Anyone tried to use cooling pads that you can get in a pet store for rabbits who housed outdoors? Are they efficient? 
I can't understand if they are for cooling or for relief at some health conditions?


----------



## Bville (Aug 13, 2014)

I've never heard of those but would like to see one. Can you post a picture or a link?

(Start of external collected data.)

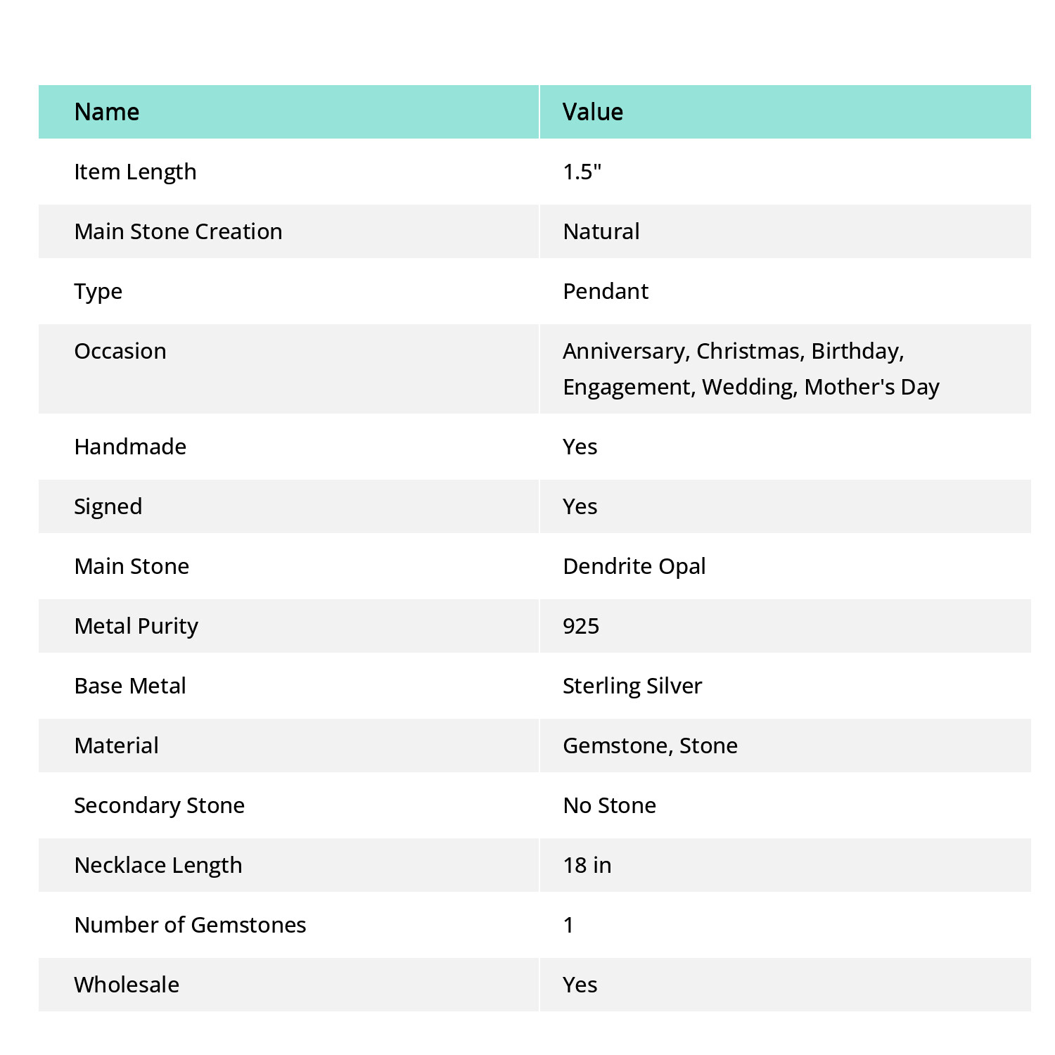 Handmade: Yes Secondary Stone: No Stone Cut Grade: Fair Customized: No Color: White Number of Diamonds: 0 Necklace Length: 18 in Theme: Art, Beach, Family & Friends Country of Origin: India Base Metal: Sterling Silver Colored Diamond Intensity: Not Applicable Signed: Yes Pendant/Locket Type: Charm Item Length: 1.5" Metal: Sterling Silver Main Stone Creation: Natural Brand: Unbranded Country/Region of Manufacture: India Stone-Size: 14X24mm Features: Adjustable, Engraved Wholesale: Yes UPC: does not apply Collection: Brand New ProductName: Pendant Material: Gemstone, Stone Metal Purity: 925 Type: Pendant Diamond Color Grade: Not Applicable Chain Type: Rolo Main Stone Treatment: Not Enhanced gtin13: does not apply Era: Undated Main Stone Size: 14X24mm Weight: 5.8 gm Gemstone Clarity Grade: Eye Clean Diamond Clarity Grade: Not Applicable Main Stone Color: White Occasion: Anniversary, Christmas, Birthday, Engagement, Wedding, Mother's Day Pendant Shape: Same As Picture Number of Gemstones: 1 Style: Chain Total Carat Weight: 50 Carat Above Main Stone Shape: Same As Picture Setting Style: Channel-Set Closure: Toggle Certification: Yes Main Stone: Dendrite Opal
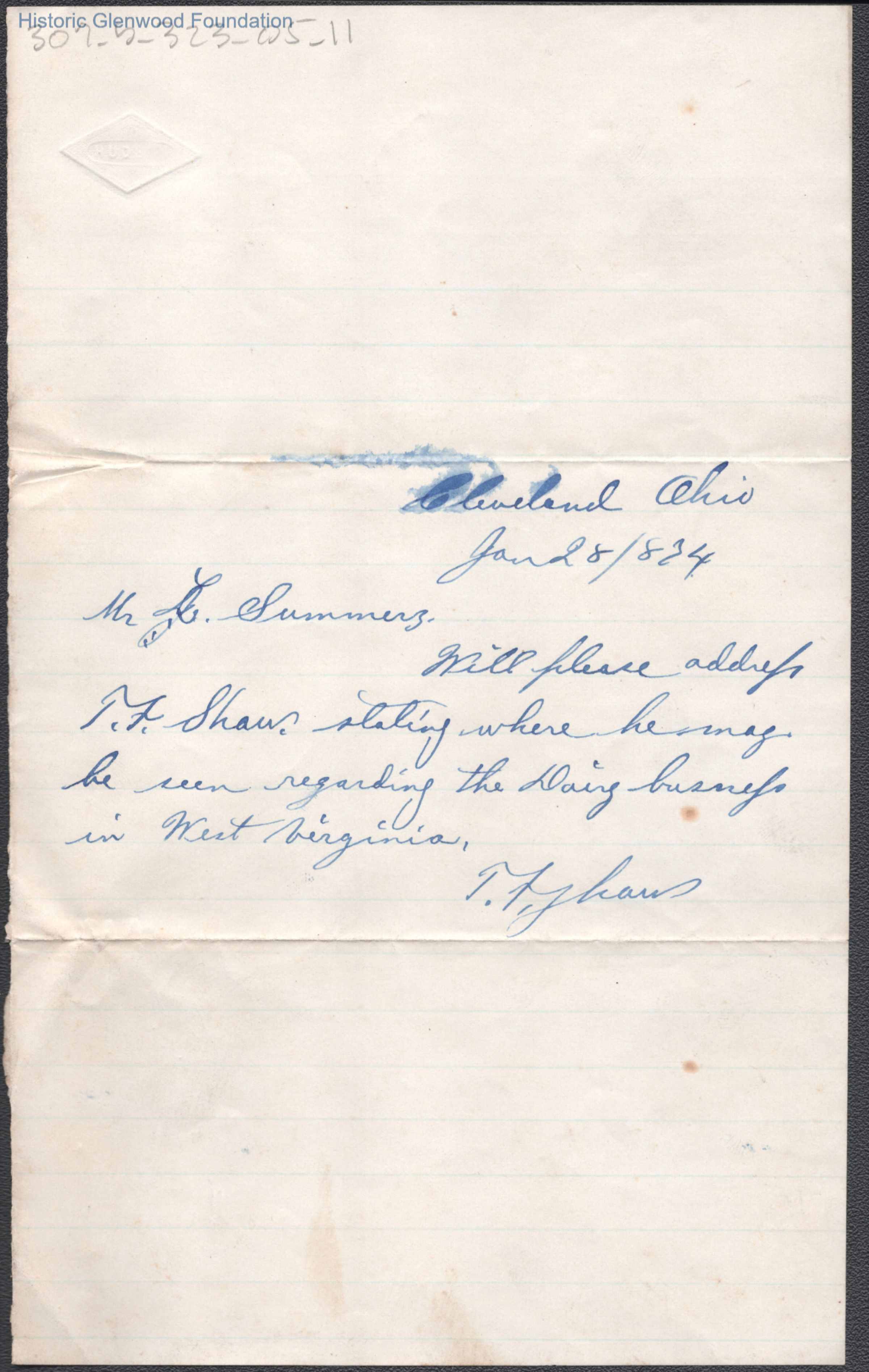 Single page letter to Lewis Summers from T. F. Shaw, Jan 28, 1874.
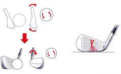 フェースターンを抑えるとトゥダウン現象も強まり、トゥ下打点になりがち。プッシュや巻き込むようなフックのミスが出やすくなる。
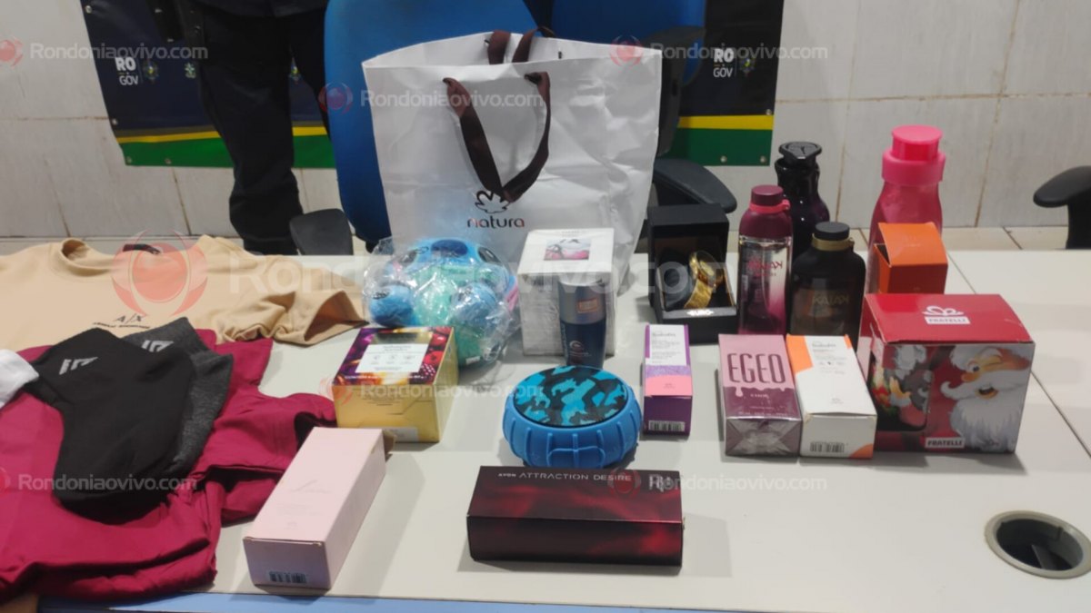 O acusado foi preso com a bermuda e a camisa furtada e outros objetos novos de procedência duvidosa.

I use ceramic tiles and frozen water bottles to keep my outdoor rabbits cool in the summer.


----------



## Watermelons (Aug 13, 2014)

Can you link to one?
The only cooling pads ive seen are for dogs and would be extremely dangerous for rabbits due too the possibility of them digging or chewing on it.
However marble slabs which are in the rabbit.section at pet stores would be great.


----------



## missyscove (Aug 13, 2014)

I have some marble tiles for my rabbits that I bought at the hardware store. If it gets really hot I'll put them in the freezer but I have them around just in general because they're cooler than the surrounding floor.


----------



## Thumperina (Aug 15, 2014)

Watermelons said:


> Can you link to one?
> The only cooling pads ive seen are for dogs and would be extremely dangerous for rabbits due too the possibility of them digging or chewing on it.
> However marble slabs which are in the rabbit.section at pet stores would be great.

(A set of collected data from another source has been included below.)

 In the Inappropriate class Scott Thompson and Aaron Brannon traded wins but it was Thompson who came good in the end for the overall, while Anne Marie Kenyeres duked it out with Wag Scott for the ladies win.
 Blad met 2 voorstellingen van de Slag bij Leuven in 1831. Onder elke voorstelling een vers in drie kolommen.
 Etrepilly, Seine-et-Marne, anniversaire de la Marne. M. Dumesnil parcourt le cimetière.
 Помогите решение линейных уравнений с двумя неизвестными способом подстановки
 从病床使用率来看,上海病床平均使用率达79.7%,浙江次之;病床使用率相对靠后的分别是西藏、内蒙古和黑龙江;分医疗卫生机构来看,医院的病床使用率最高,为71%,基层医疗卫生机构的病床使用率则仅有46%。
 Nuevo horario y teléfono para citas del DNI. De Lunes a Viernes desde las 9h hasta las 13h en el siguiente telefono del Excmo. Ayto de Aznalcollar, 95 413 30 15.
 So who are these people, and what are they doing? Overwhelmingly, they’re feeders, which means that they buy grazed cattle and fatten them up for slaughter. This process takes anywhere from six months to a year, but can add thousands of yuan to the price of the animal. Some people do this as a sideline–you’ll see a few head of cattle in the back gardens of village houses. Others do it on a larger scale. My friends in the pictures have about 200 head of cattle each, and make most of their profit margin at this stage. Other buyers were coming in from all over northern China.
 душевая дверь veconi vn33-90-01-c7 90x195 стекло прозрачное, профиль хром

yes, I meant the one for dogs like this one. didn't know they were dangerous. 
http://www.chewy.com/dog/kh-pet-pro...ne&utm_term=&gclid=CNeBv4LGlcACFeRj7AodlgcAPg


----------



## Thumperina (Aug 15, 2014)

would you please throw me a link for the marble slabs that are available in US stores?


----------



## Watermelons (Aug 15, 2014)

Well any Home Depot, Lowes, Flooring store, etc... Will carry Marble Tile, or even ceramic tile (or other polished natural stone tiles). As Christina said, just toss it in the fridge or freezer to keep it even colder. But as my feet can contest, tile flooring stays cooler then ambient temperature, I hate myself every time I walk across mine with no socks on especially in the winter, BRR!

If you want one from a pet store (Same thing, just smaller with a higher price tag) Heres one from PetSmart. http://www.petsmart.com/small-pet/toys-habitat-accessories/super-pet-chin-chiller-zid36-5088613/cat-36-catid-600014?_t=pfm%3Dcategory

That cooling dog bed you linked is basically a water bed, bunny chews through that and you will have a LOT Of water on your hands, plus water heats up as well, they don't stay that cold. Plus too quote what their site says "This bed is not recommended for destructive pets."
Another style is Polymer crystals, which when they absorb water turn into a gel type thing. Same thing you'd see at Michaels for Flowers. Supposed to be less messy then filling a vase with water.


----------